Linstone and Turoff [1] draw attention to the fact that the Delphi method was not originally intended to derive a consensus but rather to pursue and understand diverse views among a group of knowledgeable people. Disagreements were seen as beneficial as they opened up the subject and challenged initial assessments. More recently developed methods, such as headstand brainstorming, which involves thinking about how to make something fail and then using those ideas to see what is required to achieve success, seek to help individuals or groups open up the boundaries of their own thought processes.

If we can bring this to the fore and remind ourselves and others that our knowledge is inevitably limited, perhaps a little of the precious time allocated to identifying risks may be used to push against these limitations. There is a vast difference between the staid routine risk analysis exercises commonly used by many organisations and some of the more creative methods that might enhance them. Time is always a constraint but conservatism, and a sense that some methods are not formal enough to be taken seriously, also limit the chance of drawing on a wider range of inputs or stimulating participants to extend themselves.

Searching

Searching the unknown for uncertainties you don’t know exist may seem ridiculous and, without something to give it direction, it would be little more than day dreaming. However, exploring how things work with people undertaking comparable activities can open up new ideas and provide insights that we might not gain by simply looking harder and longer at our own situation.

Benchmarking is sometimes viewed as a purely quantitative exercise focused on comparing ratios and other metrics from one case to another. A more subtle approach is to explore not just numerical characteristics of related systems but also the important cause-effect relationships that are at work and the reasons why people in one organisation adopt a different approach to people in another organisation when faced with essentially the same challenges. This approach is at the core of a small number of international benchmarking networks, most notably in the work on very large projects led by IPA (Independent Project Analysis Inc.).

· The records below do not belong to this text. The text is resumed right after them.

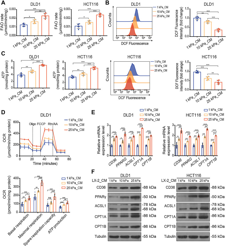 以上数据表明,肿瘤微环境中可能存在中介。活化的肝星状细胞充当成纤维细胞,产生 ECM 蛋白,并在肝纤维化中发挥关键作用。作者假设 HSC 与诱导代谢重编程的机械线索有关。对HSCs和结肠癌细胞进行了混合培养实验,发现FAO通路中FAO速率和关键基因的表达与硬度成比例增加,同时活性氧(ROS)水平降低。因此作者推断,在HSC存在的情况下,结肠癌细胞在暴露于坚硬的基质后会重新编程FAO代谢。并且肝脏僵硬可激活 HSC 分化为肌成纤维细胞,而脂滴丢失是HSC 活化的特征。研究发现基质硬度驱动了更多脂肪酸从HSC中转移。这些数据提供了 HSC 和肿瘤细胞之间瘤内代谢串扰的证据,这些串扰被 ECM 硬化激活。
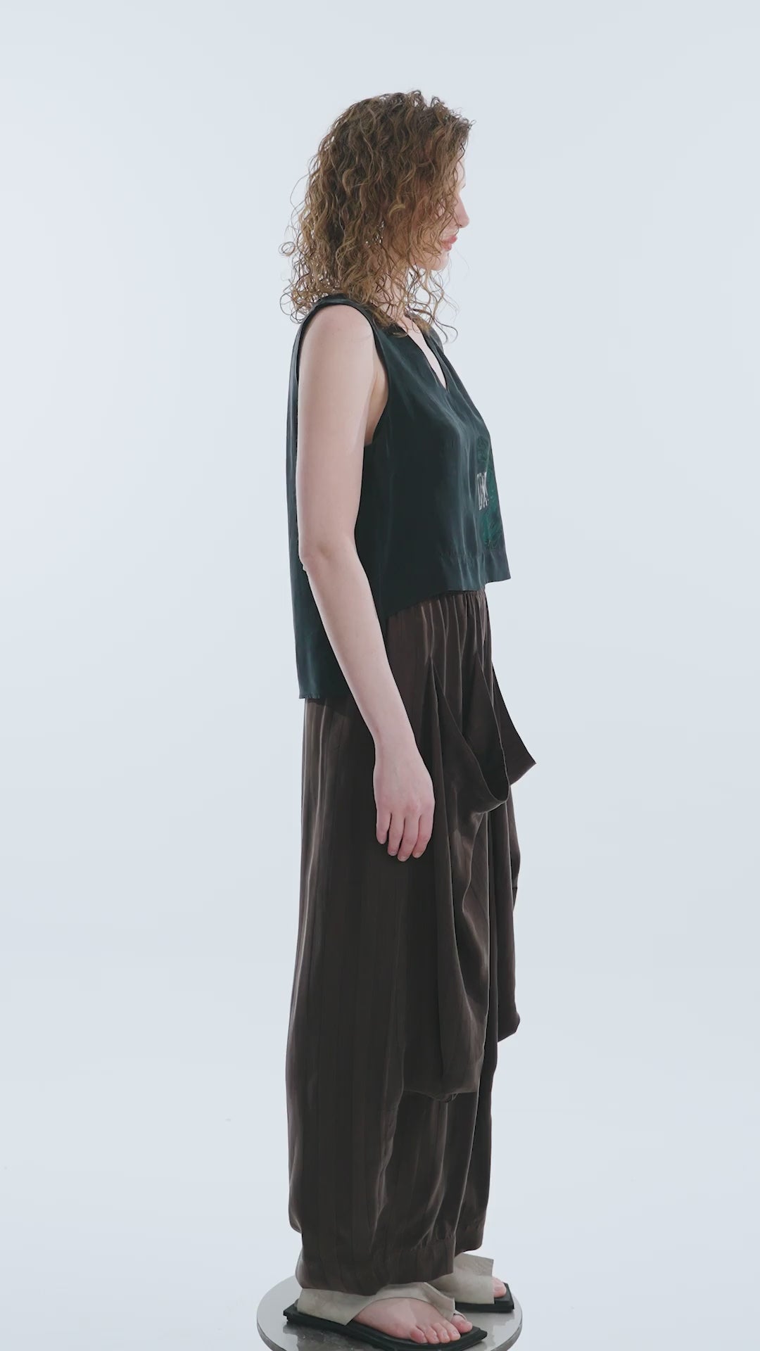 - V-neck, thick straps, shorter front than back, hand-painted pattern on the front, silk-look cupra fabric.
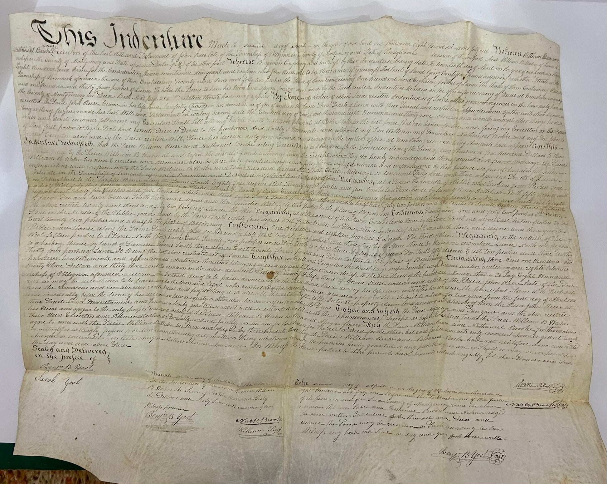 1809 VELLUM INDENTURE FROM MONTGOMERY COUNTY, PENNSYLVANIA 23" WIDE X 19" TALL. CALL OR TEXT FOR MORE INFORMATION
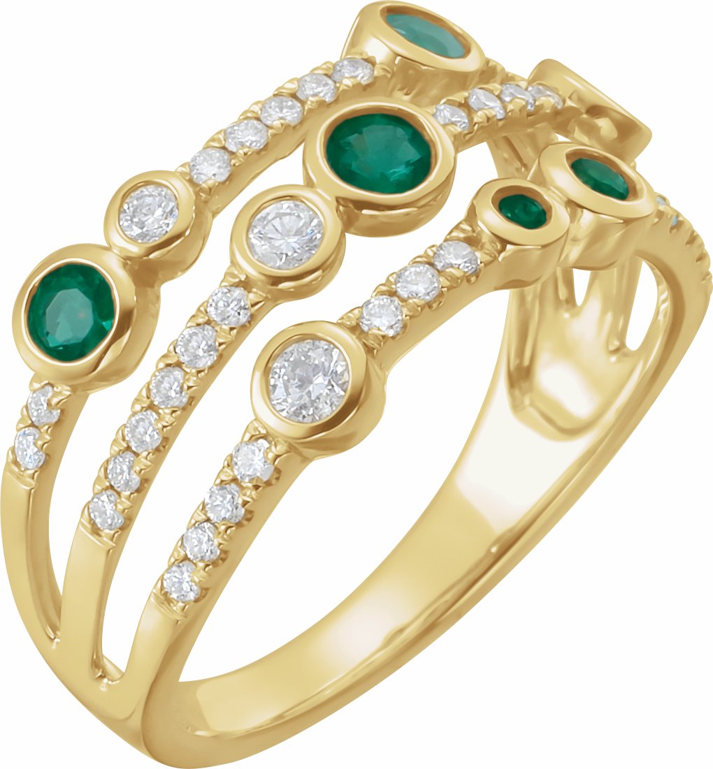653533 / Set / 14K Yellow / Polished / Genuine Emerald And 3/8 Ctw Diamond Ring

In one sense this may be regarded as another way to extend our knowledge base but active comparisons carried out through discussion between peers do more than graft the existing knowledge of others onto our own. They offer a setting within which fresh insights can be developed that were not previously available to any of the parties engaged in the exchange.

Early detection

No matter how far we stretch known risks to see what new forms they might take, extend the boundaries of the knowledge available to us or seek insights from comparisons between related systems, we will never be able to make sure absolutely everything that could affect our future has been considered in full. Even where we have identified what we are concerned about and analysed it as thoroughly as we can, unexpected situations can emerge in complex systems [2]. This is consistent with findings described by Gardner and Tetlock [3] suggesting that the success rate of forecasting is a lot lower than most people think, a finding that holds across a wide range of subject areas with both qualitative and quantitative forecasts.

“Philip Tetlock assembled a group of some 280 anonymous volunteers … the experts made some 28,000 predictions … the veracity of the predictions was determined … to be only slightly more accurate than random guessing”

The same essay paints an interesting picture of two modes of individual behaviour that were seen to affect forecasting efforts. The inclusion of diverse sources of information and an acceptance of complexity and uncertainty appeared to improve the reliability of forecasts although, even then, many forecasts still failed. This is consistent with the behaviour of complex systems described in the Cynefin framework [2] which is outlined below – some things that matter to us cannot be forecast reliably and the best we can do is catch them as they begin to emerge by detecting what are referred to as weak signals or early indications of an impending development.

A comprehensive discussion of the Cynefin framework, developed by David Snowden and his colleagues [2] [4], is not feasible here but it provides assistance with thinking clearly about what we do or do not know, in fact what we can or cannot know, about a system’s behaviour. One of the framework’s strengths is the explicit consideration of complexity from which unexpected and indeed unpredictable situations can emerge, perhaps the real unknown unknowns.

Among the many insights we can take from the Cynefin framework and associated ideas are that:

  • Not everything that is important can be exposed and analysed in advance; but
  • There are strategies we can use to help us work with what we cannot predict.

The first point takes some of the pressure off. Without abdicating responsibility for whatever we can influence, we might as well just get used to the fact that some things that we care about will not be controlled in advance by tighter procedures or more intense analysis. The second point means that we should not give up in the face of this unpredictable behaviour. We can take steps to spot emerging situations before they overwhelm us.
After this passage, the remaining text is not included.